Friday, April 4, 2014

Blips: Filmic Layers


Source: What does it mean when we call videogames cinematic?
Author: Chris Priestman
Site: Kill Screen

The word "cinematic" is tossed around a lot with games, but what does that label really entail? Well, since it's often coming from a marketing department, "cinematic" is somewhat of an empty phrase in games, taking for granted that people like movies and hoping that they'll enjoy this other medium if it seems similar. I believe a lot of the use of "cinematic" in games writing is derivative of marketing speech too, which has been allowed to inform and shape the perception of the medium. If I look at the games that are called cinematic, I see a couple things: film-like cinematography (at least in the cutscenes shown in, you guessed it, commercials), realistic looking/sounding characters performance-captured by movie actors, and a 3-act narrative arc to the game's central plotline. Of course there's more to film than just these elements, so it's worth considering other games that offer cinematic experiences, but aren't generally considered as much.

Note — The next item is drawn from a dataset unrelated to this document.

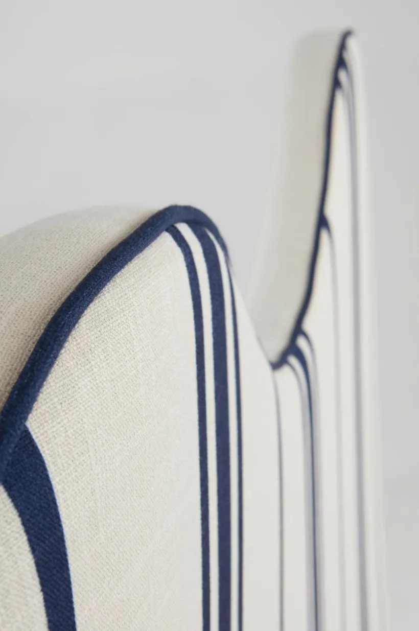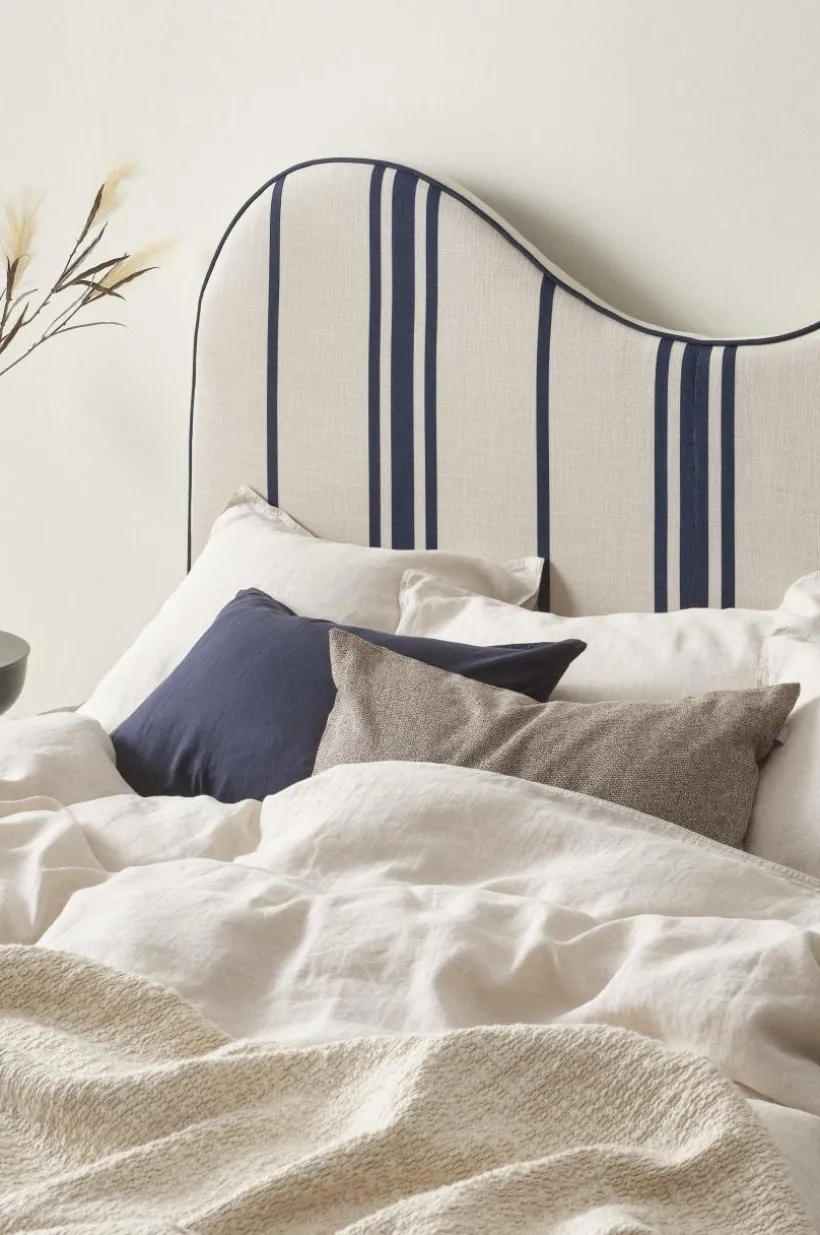 STRÅHOLMEN är en vadderad sänggavel. Formen är mjukt böljande och klädd med randigt tyg av polyester som vävts med snygg slubeffekt. Stommen är av FSC-märkt furu och plywood som kompletterats med mjuk skumfyllning. Tyget är slitstarkt med Martindale på 20000. Överdraget är ej avtagbart. Den vadderade gaveln är behaglig att sitta och luta sig mot samtidigt som den skyddar väggen bakom sängen. Sänggaveln monteras mot väggen bakom din säng eller resårmadrass. Väggfäste medföljer.

That's the premise of a recent piece by Chris Priestman for Kill Screen wherein he argues that a game like Papers, Please uses cinematic split-screen visuals as a means of dividing player attention. In the end, no one medium stands totally alone, and as Priestman admits, even split-screen itself isn't born of film, and the visual style we typically associate with cinema in games often owes as much to painting, theater, and photography as its moving pictures cousin. And as far as I can tell, David Cage is already making "interactive movies" as much as something like that can exist, which is likely not wholly a game or a film, but something somewhere in between. Now he just needs to use that interesting middle-ground to tell an equally interesting story.